Aku gak yakin secara pasti siapa yang bicara saat itu, entah Arat atau juga Mas Herry. Ya, sekitar enam bulan lalu kami memang melakukan perjalanan yang (menurutku) luar biasa. Bersama Arat, Mas Herry, dan dua belas orang lainnya kami melakukan perjalanan untuk mencoba menjadi orang paling tinggi di Pulau Jawa.

“...”

Aku cuma diam, gak tahu harus berbuat apa. Susah banget mendeskripsikan perasaanku saat itu. Antara senang, takut, gak percaya, geregetan, seolah bercampur jadi satu dan aku gak bisa menemukan kata yang pas untuk mewakili itu semua.
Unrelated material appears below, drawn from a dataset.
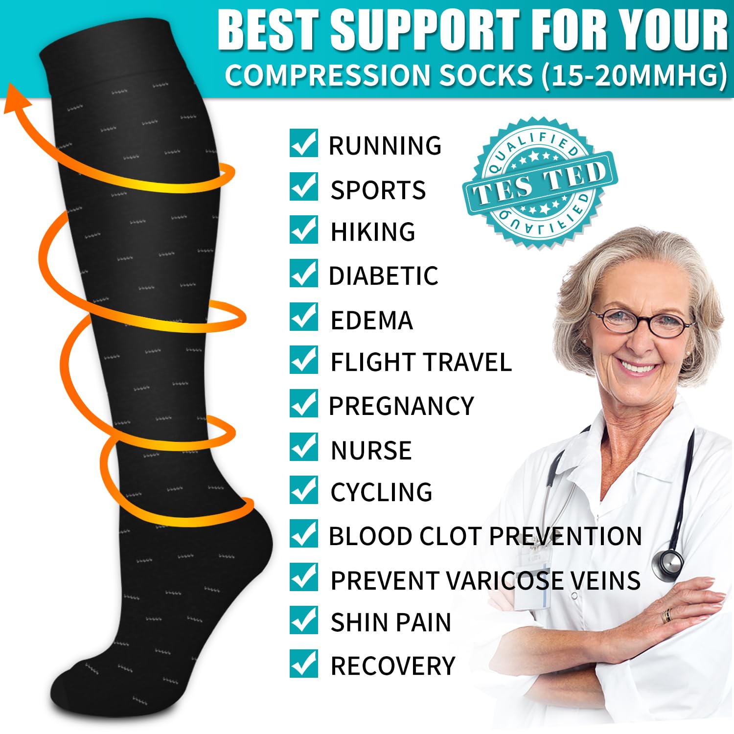 VALUE PACK - Each pack includes 6 pairs of compression socks. Our design of comfort and style comes at a very affordable price in comparison. There are available in different fabrics and colors. They are discreet and look like the ordinary socks you have already wear to work. Our socks are universally suitable for all work.Whether you are an athlete,teacher,flight crew,receptionist, office worker, pregnant, elderly ,they'll work for you as you work for yourself and your family.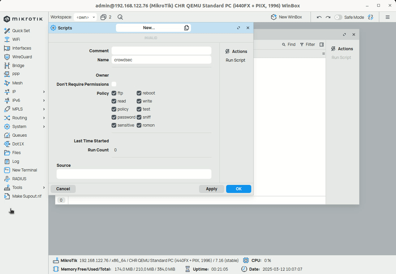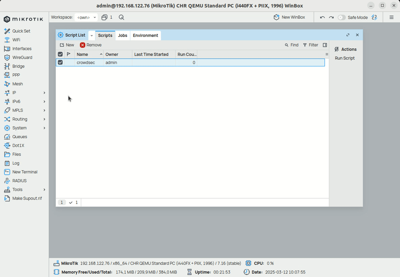 1. Create a script that will fetch the blocklist from the CrowdSec API and import it into the Mikrotik firewall.

Yang jelas aku sudah lama membayangkan ini terjadi. Aku sudah lama ingin menginjakkan kakiku atau sekedar berteriak di tempat paling tinggi di Pulau Jawa, Puncak Mahameru. Dan kurang dari empat jam, perjalanan ke sana akan dimulai.


***


“Oi, bangun..! Udah jam 2 nih. Kita bisa kesiangan sampai puncak.”

Setengah gak ikhlas aku membuka mataku, setelah semalaman gak bisa tidur karena dinginnya suhu di Kalimati, tempat camp terkahir sebelum menuju puncak, ini. Setahuku, setidaknya dibutuhkan waktu 4-5 jam untuk menuju puncak karena para pendaki diharuskan turun ke bawah lagi sebelum jam 9 pagi. Karena jam-jam segitu biasanya angin gunung menuju ke lereng/bawah. Dan anginnya bukan hanya angin biasa, angin yang dimaksud mengandung asap beracun atau yang lebih dikenal dengan nama wedhus gembel, asap yang keluar dari kawah Gunung Semeru. Siapa yang ingin nasibnya sama seperti aktivis Soe Hok Gie yang meninggal karena menghirup gas beracun. Mengingat itu semua aku segera bangikit dari tidur, melipat sleeping bag, merapatkan jaket, dan segera keluar dari tenda.

Jreng!

Di luar tenda sepi. Cuma aku dan satu orang lainnya, yang membangunkanku tadi, yang sudah siap tempur. Oh, Shit! Tau gitu aku gak buru-buru bangun. Dengan beringas aku menuju satu tenda ke tenda lainnya. Alhasil, tak lama kemudian semuanya sudah berada di luar tenda dengan muka kucel dan badan gemeteran.

“Jadi nanti gak usah bawa barang banyak-banyak, cukup bawa air minum dan camilan secukupnya aja, senter, dan... kamera tentu saja. Haha.”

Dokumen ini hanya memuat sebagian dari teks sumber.